Birthday. Martin Vogel, Manhattan lawyer, onetime (1913-20) Assistant Treasurer of the U. S. in charge of the New York Subtreasury, author of Encyclopaedia Britannica's article on Liberty Loan publicity campaigns; in Le Touquet, France. Date: Aug. 29. Age: 52. Cele- bration: a dinner party in Algy's Bar at which Edward of Wales danced first with Mrs. Vogel. Another guest: Author Michael Arlen (ne Dikran Kouyoumdjian).
Killed. Marcellus Hartley Dodge Jr., graduate of Princeton last June, son of the board chairman of Remington Arms Co., great-grandson of its founder Marcellus Hartley, grandnephew of John Davison Rockefeller Jr.; when a motor which he was driving struck a tree on the Bayonne- Bordeaux road in France where Dodge had been sent by his mother for diversion from aviation, which she considered a dangerous hobby.

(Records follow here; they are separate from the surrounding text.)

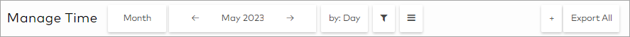 Use the first two buttons to choose the duration and dates shown on the Manage Time screen.
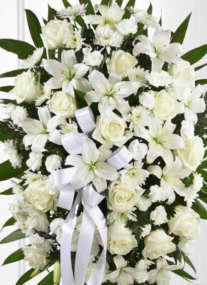 This exquisite spray in white and green includes roses, Asiatic Lily, spray chrysanthemums and spray carnations arranged amongst palm fronds and lush greens. Accented by white satin ribbon, this spray will make a truly beautiful addition to the service.
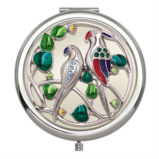 Round shape with exchangeable lid. Embossed parrots pattern with epoxy painted and color stones.
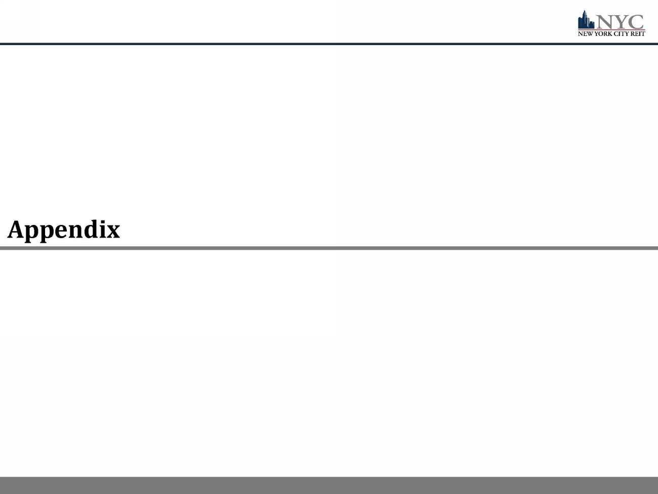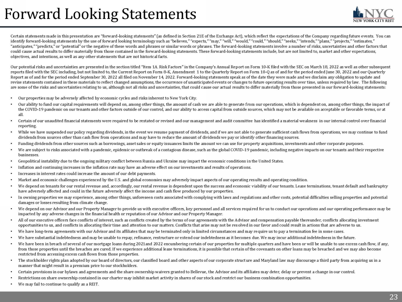 22 22 Important Additional Information and Where to Find It References in this presentation to the “Company,” “we,” “us” and “our” refer to New York City REIT, Inc. (“NYC”) and its cons oli dated subsidiaries. This presentation contains estimates and information concerning the Company’s industry and the Company’s peer companies that are based on industry publications, reports and peer company public filings. The Company has not independently verified the accuracy of the data co nta ined in these industry publications, reports and peer company public filings. These estimates and information involve a number of assumptions and li mit ations, and you are cautioned not to rely on or give undue weight to this information. The industry in which we operate is subject to a high deg ree of uncertainty and risk due to variety of factors, including those described in the “Risk Factors” and “Management's Discussion and Analysis of Financial Co ndi tion and Results of Operations” sections of the Company’s Annual Report on Form 10 - K filed with the SEC on March 18, 2022 and all other filings file d with the SEC after that date. These and other factors could cause results to differ materially from those expressed in these publications and reports . The majority of the concessions granted to our tenants as a result of the COVID - 19 pandemic are rent deferrals or temporary rent abatements with the original lease term unchanged and collection of deferred rent deemed probable. As a result of relief granted by the FASB and the SEC related to lease modification accounting, rental revenue used to calculate Net Income, NAREIT FFO, Core FFO, NOI, Cash NOI, EBITDA, and Adjust ed EBITDA has not been, and we do not expect it to be, significantly impacted by these types of deferrals. 22
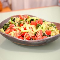 - Mélangez tous les ingrédients de la salade dans un grand bol.
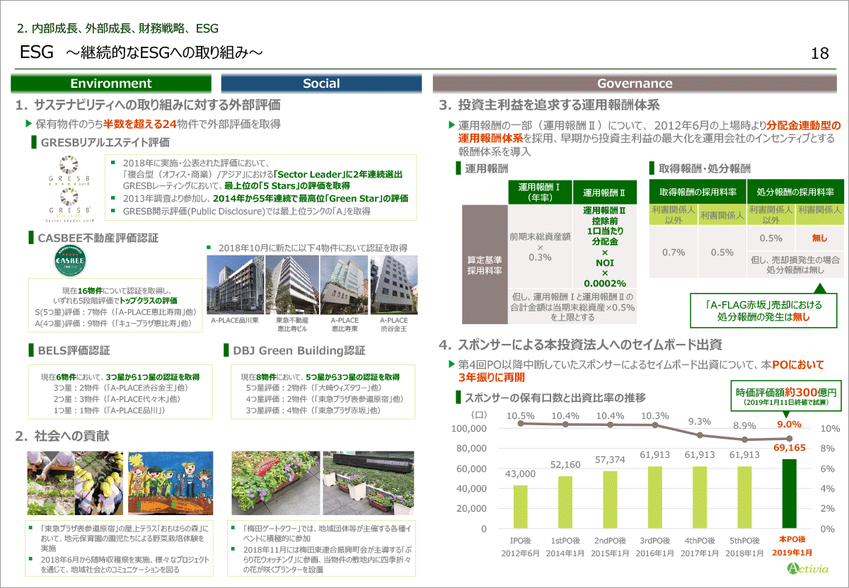 | |  |     次は、継続的なESGへの取り組みについてご説明させていただきます。 まずは、サステナビリティに関する取り組みについてです。 2018年に実施・公表された「GRESBリアルエステイト評価」において、2年連続でアジアにおけるセクターリーダーに選出されるとともに、レーティング評価では本投資法人としては初めて最高位となる「5 Stars」の評価を取得しました。
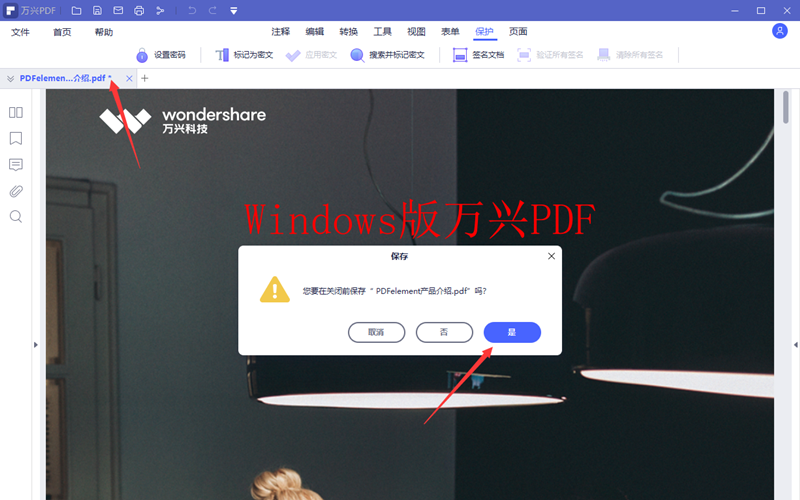 步骤7、在软件内关闭已经加密的PDF文件,在系统弹出保存提醒的时候选择是,再次打开该PDF文档没有密码使无法进行编辑和打印的。
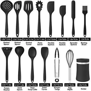 Silicone Cooking Utensil Kitchen Utensil Set, 24 Pcs Non-stick Cooking Utensils Spatula Set with Holder by AIKKIL, Heat Resistant Kitchen Gadgets Tools Set for Cookware(Black)
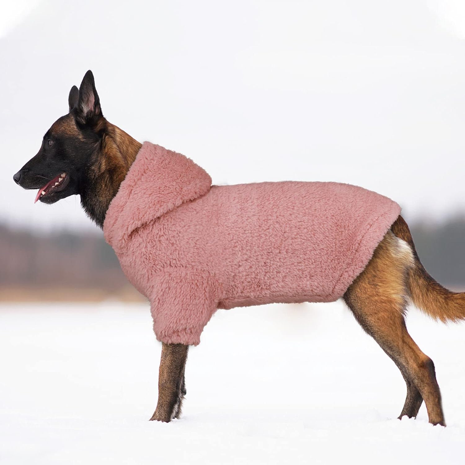 Fuzzy Dog Sweaters for Large Dogs Pet Hoodie Clothes Warm Soft Pet Coats Hooded Sweatshirt Dog Sweaters for Extra Large Dogs(Pink-XXL)

Died. Alfred Day Payne, Amarillo (Tex.) lawyer, who a month ago con- fessed that he had intentionally murdered his wife by hiding a bomb in her automobile (TIME, Aug. 11); by his own hand, when he exploded a vial of nitroglycerin in his cell at the Potter County gaol in Amarillo.
Died. Frank O. Wetmore, 62, Chicago banker, board chairman of Chicago's First National and First Trust & Savings banks, director of five other companies, president of the Advisory Council of the Federal Reserve System; suddenly of heart failure, at his home near Wheaton, Ill.

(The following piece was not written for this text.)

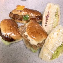 そういえば…やってるかな?あのまま閉店はないよね?と1か月ぶりにミッキーへ。 あ!やってる!(いつからかは不明)ん?全体的にお値段アップ?した?まぁ今までが安過ぎたよね。 トレイをレジへ。 先月、主人が亡くなったと張り紙があった。 そっか…それで休んでたのね😔 そして値段が変わったってことは、頑固な親父さんが「値上げはしない!」とか言ってたのかなぁなんて勝手な想像をしてみたり(笑) ラップに包まれたハムエッグとたまごサンド。 わーどっちもたまごだし🤣 それとピスタチオクリームパン。
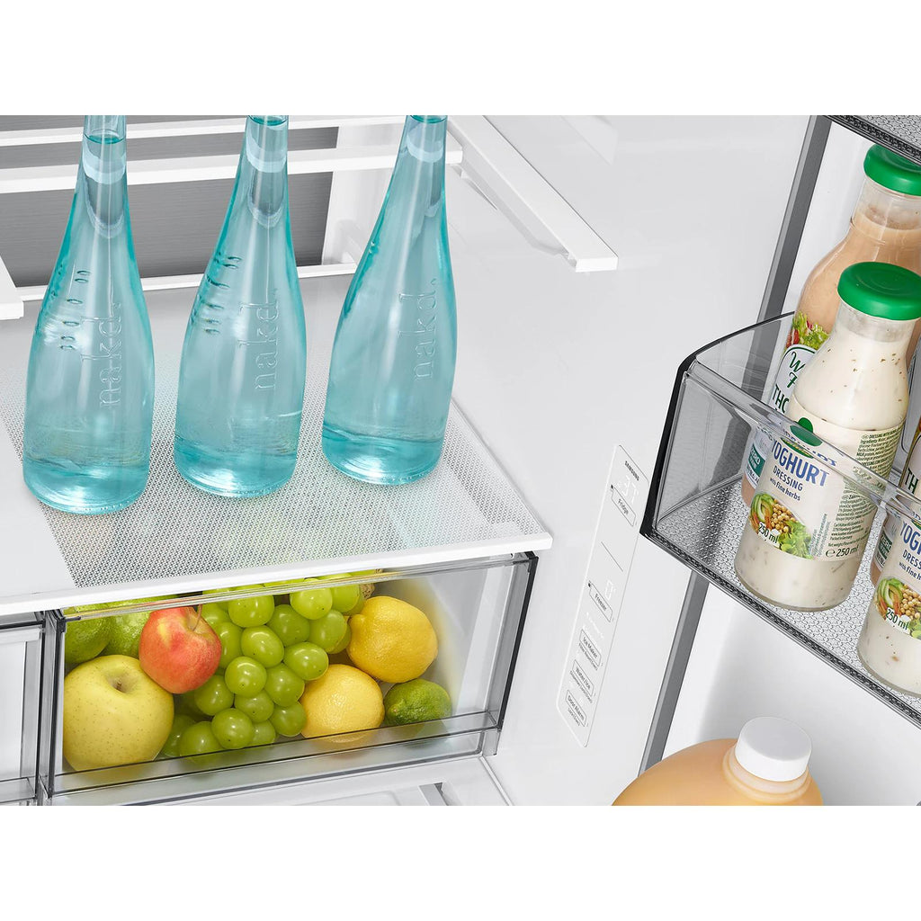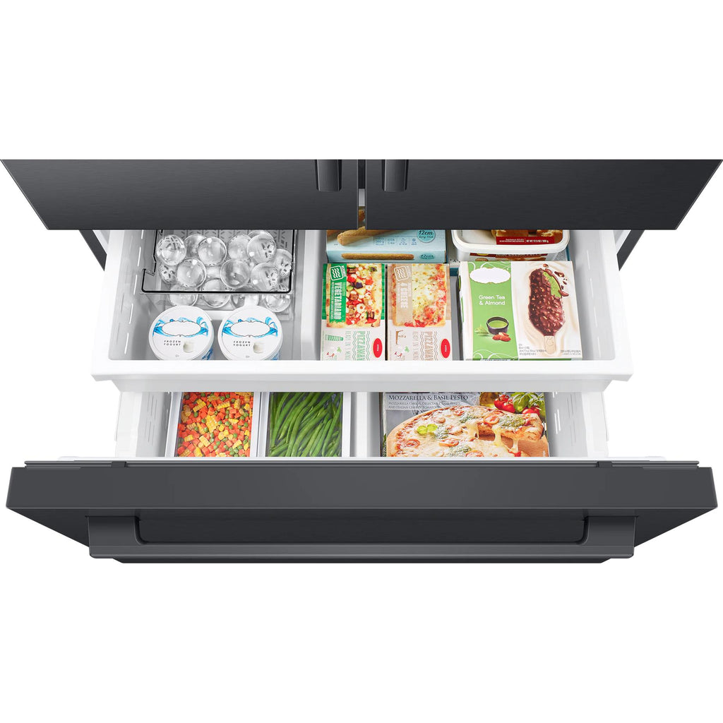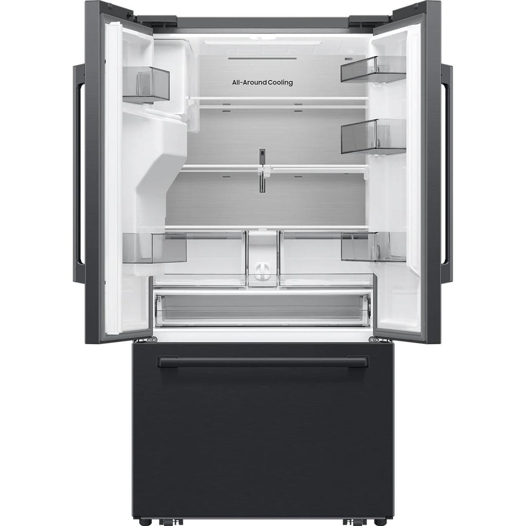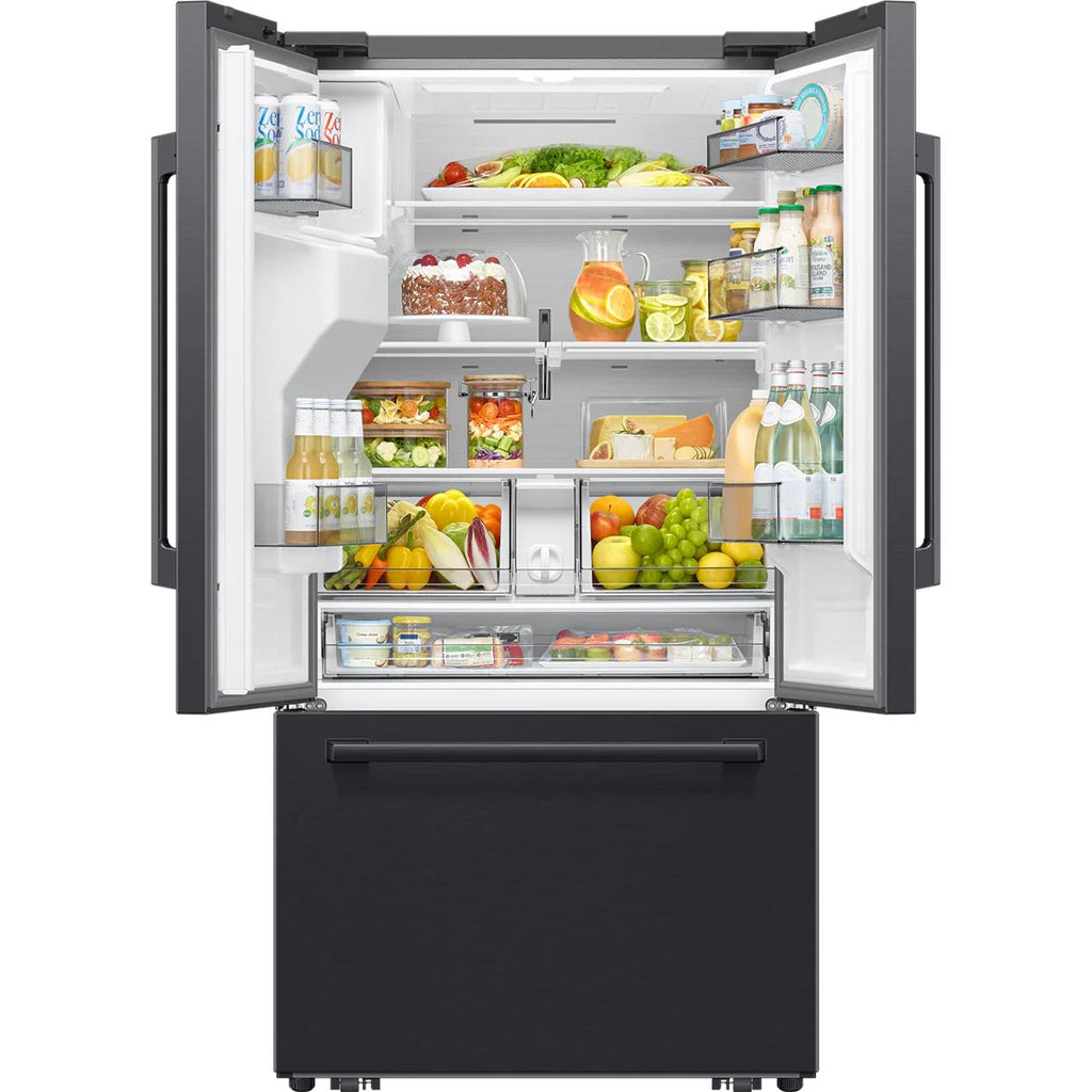 Samsung Bespoke AI 3-Door French Door. Enjoy your favorite beverage with up to four types of ice. Choose from Sphere Ice™ or Half Sphere Ice™ from the freezer drawer and curved or crushed ice from the external dispenser. Zero clearance fit fridges are designed to fit in all types of spaces. Special hinges and slim doors allow the fridge to open with minimal gaps between walls and cabinets, providing a seamless look.

Died. Maj.-General Henry Tureman Allen, 71, longtime soldier, Wartime com-mander of the goth Division which participated in the St. Mihiel and Meuse-Argonne offensives, post-VVar commander of the U. S. Army of Occupation in Germany, holder of decorations from five nations; suddenly, when he was stricken with apoplexy and fell 15 ft. from the porch of a residence at Buena Vista Springs, Pa.
Died. Thomas Sterling, 79, Washington attorney, onetime (1901-1910) dean of South Dakota University's College of Law, Republican Senator from South Dakota from 1913 until 1925; after a heart attack, in Washington.

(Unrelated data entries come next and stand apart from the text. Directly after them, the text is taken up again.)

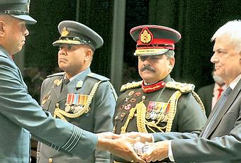 The Graduation Ceremony of the Defence Services Command and Staff College (DSCSC) Course No 16 was held at the Nelum Pokuna Theatre on Thursday (8). President Ranil Wickremesinghe was the Chief Guest. A total of 127 officers comprising 76 Officers from the Sri Lanka Army, 26 Officers from the Sri Lanka Navy, and 25 Officers from the Sri Lanka Air Force graduated at the ceremony. In addition, 11 foreign graduates from Bangladesh, India, Maldives, Nepal, Pakistan, Oman, Rwanda, Saudi Arabia, Senegal and Zambia were among those who graduated on this occasion. President Ranil Wickremesinghe presenting the award to an SLAF officer at the event. (Picture by PMD)
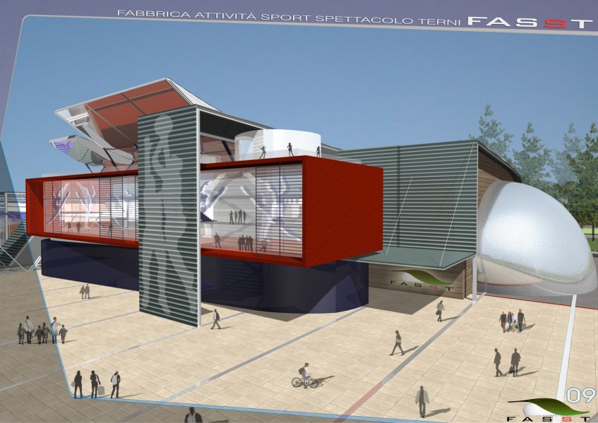 Il palazzetto di Raffaelli. Basta ricordare il mirabolante e futuristico progetto che l’Amministrazione comunale Raffaelli aveva fatto redigere e di cui non se ne è fatto nulla. Era agosto 2008 quando fu ufficialmente annunciato con dovizia di particolari (costi intorno ai 20 milioni di euro) e la Giunta si ripromise di parlarne dopo la pausa ferragostana. Da allora di ferragosto se ne sono passati 5 e di quel progetto restano soltanto i promettenti rendering, eccone qualcuno:
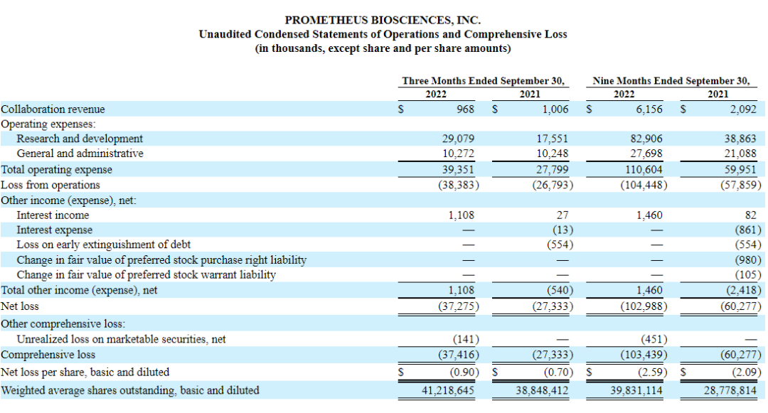 2022年11月09日,Prometheus公告称,2022财年前三季度收入615.6万美元,去年同期收入为209.2万美元,同比增长194.26%;2022财年前三季度净亏损1.03亿美元,去年同期净亏损为6027.7万美元;基本每股收益为-2.59美元,去年同期为-2.09美元。
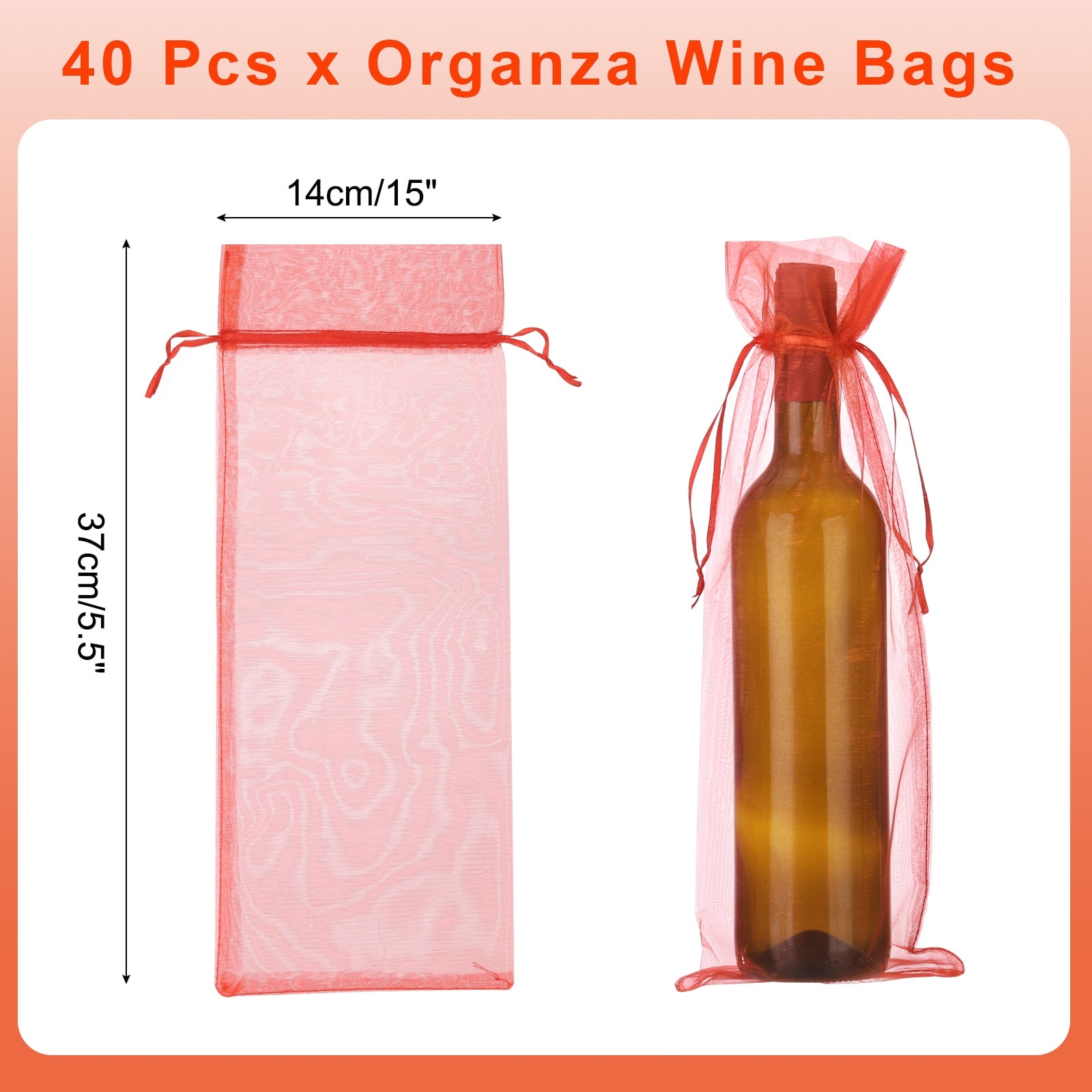 Organza Wine Bags, Gift Wrap Bags Sheer Mesh Wine Bottle Bag Drawstring Pouches Reusable for Party Favors

Died. Heywood Cox Broun, 80, one-time printer (Broun, Green & Adams), onetime associate of Thomas McMullin & Co. (bottlers of Guiness stout and White Label bass ale), for the past ten years a Manhattan stockbroker (Reynolds, Fish & Co.), British-born father of Heywood Campbell Broun, colyumist for the New York Telegram and Socialist candidate for Congress; after a paralytic stroke, at St. Luke's Hospital, Manhattan. After some reflection Colyumist Broun wrote a colyum about his father. Excerpts:
"It seemed to me unsatisfactory that a man of long life should have his existence summed up to some extent as 'the father of the newspaper columnist.' . . .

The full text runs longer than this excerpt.